Durante marzo de 2026, la asistencia a salas de cine en México ha mostrado una tendencia clara a la baja. En el periodo del 26 al 29 de marzo, la asistencia acumulada se ubicó 34% por debajo del promedio registrado entre 2018 y 2025, confirmando una caída sostenida a lo largo del mes .
Este descenso no fue aislado. Semanas previas ya marcaban una baja del 32% y 33%, lo que evidencia que no se trata de un comportamiento puntual, sino de un cambio estructural en el consumo de cine en el país .
En paralelo, la taquilla semanal también ha ido disminuyendo gradualmente: pasó de 150 millones de pesos a inicios de mes a 124 millones hacia finales de marzo, reflejando una desaceleración en la actividad de las salas.
Más estrenos, pero menos espectadores
A pesar de la caída en asistencia, el volumen de estrenos continúa creciendo. Para finales de marzo, se habían lanzado 152 películas en México, acumulando una taquilla total de 2,615 millones de pesos y 34 millones de asistentes en lo que va del año .
Este contraste revela una paradoja: hay más contenido disponible que nunca, pero menos personas están acudiendo a verlo en salas.
El comportamiento sugiere que el problema no está en la oferta, sino en la forma en que el público está eligiendo consumir entretenimiento.
El desempeño del cine mexicano
Dentro de este panorama, el cine mexicano mantiene una participación constante, aunque limitada. De las 152 películas estrenadas, 35 son producciones nacionales, que han generado 312 millones de pesos en taquilla y 4.5 millones de asistentes.
Entre los títulos más destacados se encuentra la comedia romántica ¿Quieres Ser Mi Novia?, que alcanzó los 100 millones de pesos, posicionándose como la película mexicana más taquillera del año hasta el momento.
También resalta Socias por Accidente, que debutó con fuerza en taquilla, logrando posicionarse en los primeros lugares durante su semana de estreno.

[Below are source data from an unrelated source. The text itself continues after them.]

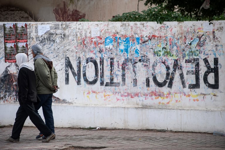 2013年,突尼西亞的新憲法協商遇到瓶頸,走溫和伊斯蘭主義路線的「復興運動黨」(Ennahda party)和許多走世俗主義的政黨談不攏,那時有兩名左派領袖被疑似是聖戰士的兇手暗殺,整個國家陷入混亂。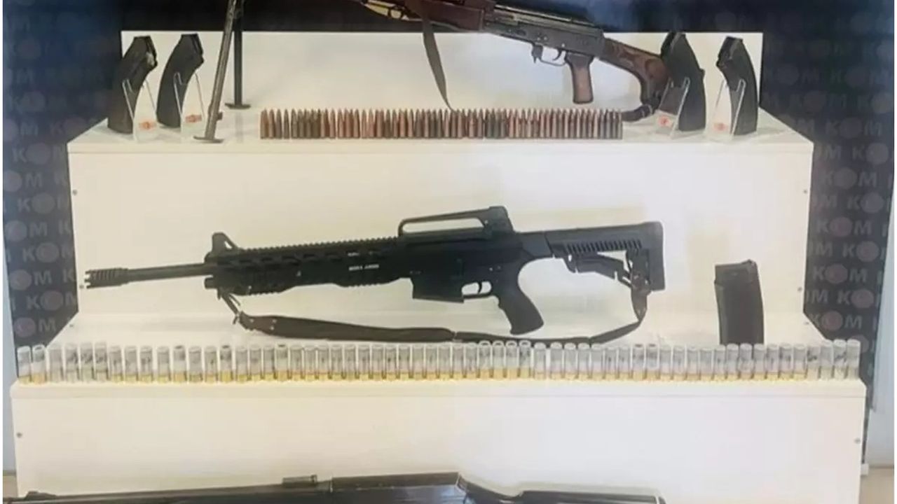 Belirlenen adreslerde yapılan aramalarda 1 adet silah, 110 fişek, 4 şarjör, 3 av tüfeği ile 88 av tüfeği kartuşu ele geçirildi.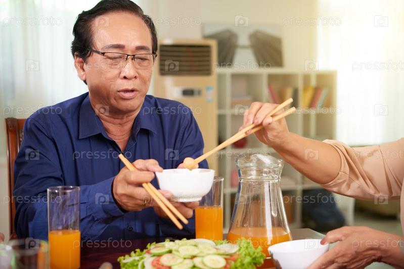 Пожилой мужчина на семейном ужине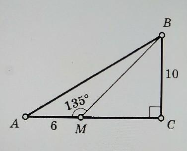 Угол сумежный с углом 135 равен 45. С триугольнтка ВМС за тангенсом tg45°=10/x(x-МС) x=10. Тогда АМ 6+10=16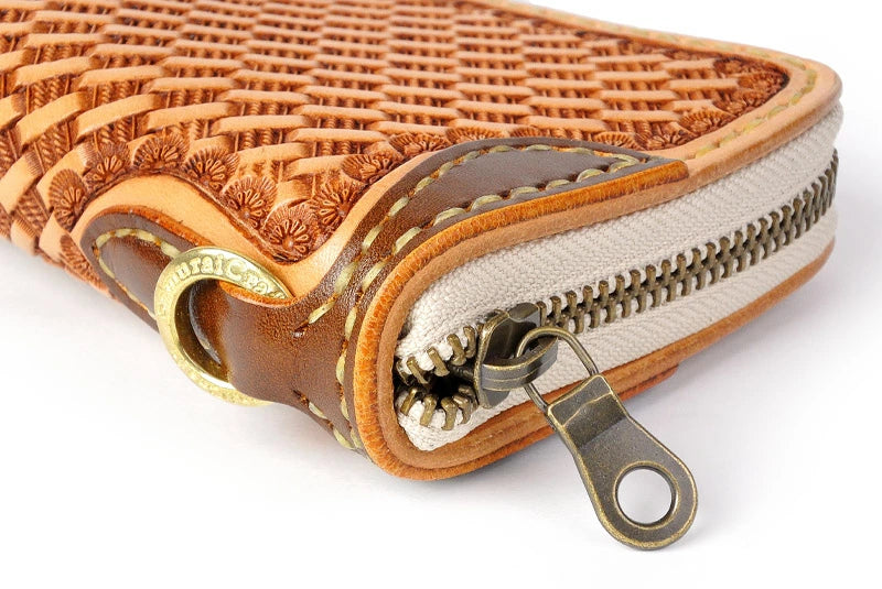 サムライクラフト ラウンドファスナー タイプ2 バスケットウィーブスタンピング タンニング加工 ルガトショルダー ウォレットチェーン対応

Sin embargo, más allá de estos casos, muchas producciones mexicanas, especialmente documentales y cine independiente, presentan cifras significativamente menores, con estrenos en pocas salas y recaudaciones limitadas.
Un mercado dominado por el cine internacional
Otro punto clave del reporte es el dominio del cine internacional en la taquilla mexicana. Producciones como Hoopers: Operación Castor y Proyecto Fin del Mundo lideraron consistentemente los rankings semanales, con ingresos que superan ampliamente a la mayoría de las producciones nacionales.
Este escenario refuerza la desigualdad en la exhibición: mientras los grandes estudios concentran pantallas y atención, el cine mexicano compite por espacios más reducidos y por una permanencia más corta en cartelera.
¿Qué está en juego para el cine mexicano?
La caída en la asistencia no solo impacta los ingresos, sino también la viabilidad del cine nacional a largo plazo.
Menos espectadores significan menos oportunidades de distribución, menor visibilidad para nuevas propuestas y mayores dificultades para recuperar la inversión en producciones mexicanas.
Además, la reducción en salas disponibles, visible en la disminución progresiva de pantallas para algunas películas, limita el alcance de las historias locales.
El papel del público en la industria
Frente a este panorama, el papel del espectador se vuelve fundamental. En un contexto donde la asistencia disminuye, cada boleto cuenta.
Elegir ver cine mexicano en salas no solo impulsa una película, sino que contribuye a sostener una industria que genera identidad cultural, empleo y nuevas narrativas.
La tendencia es clara: el cine en México está cambiando. La pregunta es si el público acompañará ese cambio o si las salas seguirán vaciándose.